A proposal to add a new traffic light on Ga. Highway 54 West for a new shopping center ran into a logjam of its own Thursday night, as the Peachtree City Council voted unanimously to table the request indefinitely.

The Georgia Department of Transportation asked for the delay so it would have time to install a new traffic signal management system on the highway, according to City Manager Jim Pennington.

The new system will use information from highway sensors to gauge when traffic is really congested, triggering an automatic switchover to one of several customized signal timing patterns to improve traffic flow. It is expected to take about three months to complete, though work is already underway. The $133,000 project is being funded by a grant from the Atlanta Regional Commission.

“Their concern is making sure traffic improves at a better rate or at least keeps from going down to bad,” Pennington said.

The delay will also allow for completion of a corridor study requested by council that is expected to offer potential solutions for the recurring traffic problems on Hwy. 54 West.

Trinity Development asked the city to approve a permit request for the new light at Line Creek Drive where Trinity wants to build a 81,000 sq. ft. shopping center with a grocery store and other national retailers.

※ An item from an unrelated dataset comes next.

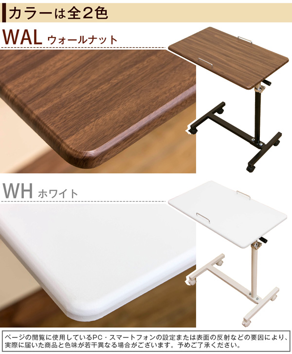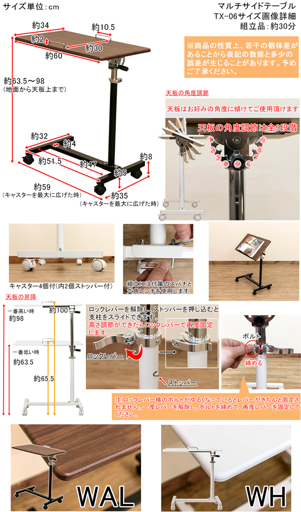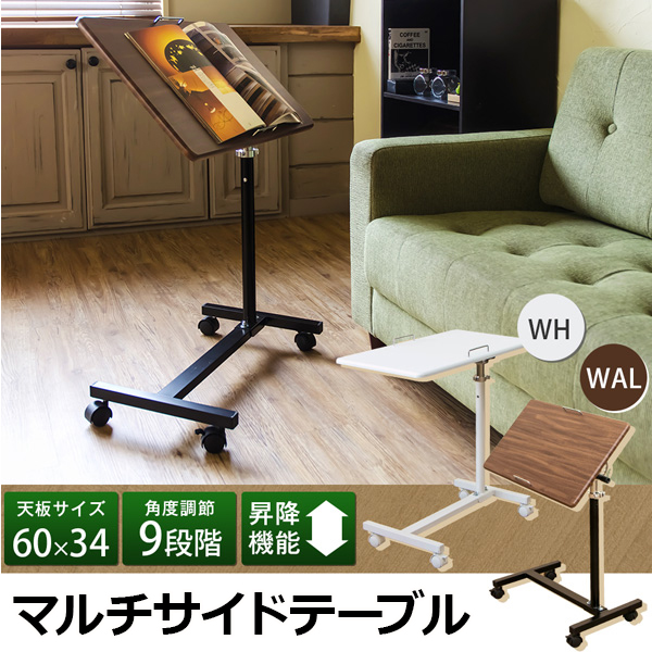 本商品はお取り寄せ商品のため、稀にご注文入れ違い等により欠品・遅延となる場合がございます。誠に恐れ入りますが、何卒ご了承ください。 また、以下の場合には追加送料がかかる場合がございます。  ・大型商品の複数購入時 ・同梱区分が異なる商品の複数購入時  【出荷目安】:1 - 4営業日 ※土日・祝除く 【同梱区分】:TS 1490 【梱包サイズ】:大型商品 【代引き決済】:不可  配送伝票の依頼主は出荷元(メーカーもしくは仕入元)名となる場合がございますので、お受け取りの際はご注意ください。   【型番】TX06  【商品名の色やサイズについて】 こちらは「マルチサイドテーブル(キャスター付きミニテーブル) ウォールナット 幅60cm スチールフレーム 天板昇降式 角度調節可」の商品ページです。商品画像や商品情報には、色違いやサイズ違いの商品が載っている場合がございます。ご注文前に色・サイズ・セット内容のご確認をお願いいたします。  マルチサイドテーブルです  ベッドサイドやソファサイドで役立ちそうです  天板は昇降します(地面から約63.5~98cm) 一番高くすると立ち作業にちょうどいい高さです 角度調節も可能です(全9段階) 天板を傾けた際、本や雑誌を置いても落ちないよう上下にブックスタンドが付きます(取り外すことも出来ます)  ウォールナット(WAL)、ホワイト(WH)の2色展開です  幅600×奥行350(キャスター含む)×高さ655~1000mm(梱包重量:幅645×奥行410×高さ80mm) 天板厚:約15mm 天板サイズ:600×340mm 本体重量:4.9kg(梱包重量:5.5kg) 組立式(約30分/付属の工具にて組立)1個口 天板:合成樹脂化粧繊維板 フレーム:スチール(エポキシ粉体塗装) キャスター4個(うち2個ストッパー付き)  原産国:台湾  【ご注意事項】 ※本商品は、北海道・沖縄・離島への配送はいたしかねます。あらかじめご了承ください。

Though council could approve or reject the request, the final say rests with the Georgia Department of Transportation.

Council also tabled indefinitely a second request from Trinity: to allow a road connection from the shopping center to Planterra Way. Residents of the Planterra Ridge and Cardiff Park subdivisions have opposed this link, arguing that it would make traffic worse on Planterra Way.

In the afternoon drive time, cars back up in the left hand turn lane approaching the highway, going as far back as the entrance to the city’s tennis center, and council has seen the proof in photos submitted by a Planterra resident two weeks ago. Navigating that mess takes about 10 minutes or more to get through, residents have said.

Several city council members have said they will work on fixing the issue with cut-through traffic.

Residents have also decried how a road link to the Shoppes at MacDuff shopping center further west was removed from the site plan, since it would allow vehicles at Trinity’s proposed shopping center to reach the existing traffic light on MacDuff Parkway.

Pennington told council that all of those traffic issues would be examined in the city’s traffic study, which was approved by council Jan. 16 at a cost of $70,000.

“The Planterra connection, the MacDuff connection and the traffic light, all those things have to be included,” Pennington said, adding that the study will also look at the entire area. “… That is already in the works.”

Traffic on Hwy. 54 West during afternoon drive times can get so congested that it often backs up beyond the traffic light on Willowbend Road at City Hall.

Though the new traffic signal management system is expected to improve traffic on Hwy. 54 West somewhat, it will not add more capacity to deal with the growing amount of vehicles on the highway. Some Wilksmoor Village residents have said that traffic will turn sour on the artery at other times of day instead of just during the afternoon commute.

“The last three or four years we try to avoid that intersection like the plague between 4 and 6 and even during the weekends,” Planterra resident Stephen Gleason told council Thursday night. “We’ll drive all the way back to Kelly Drive sometimes to get out or come home.”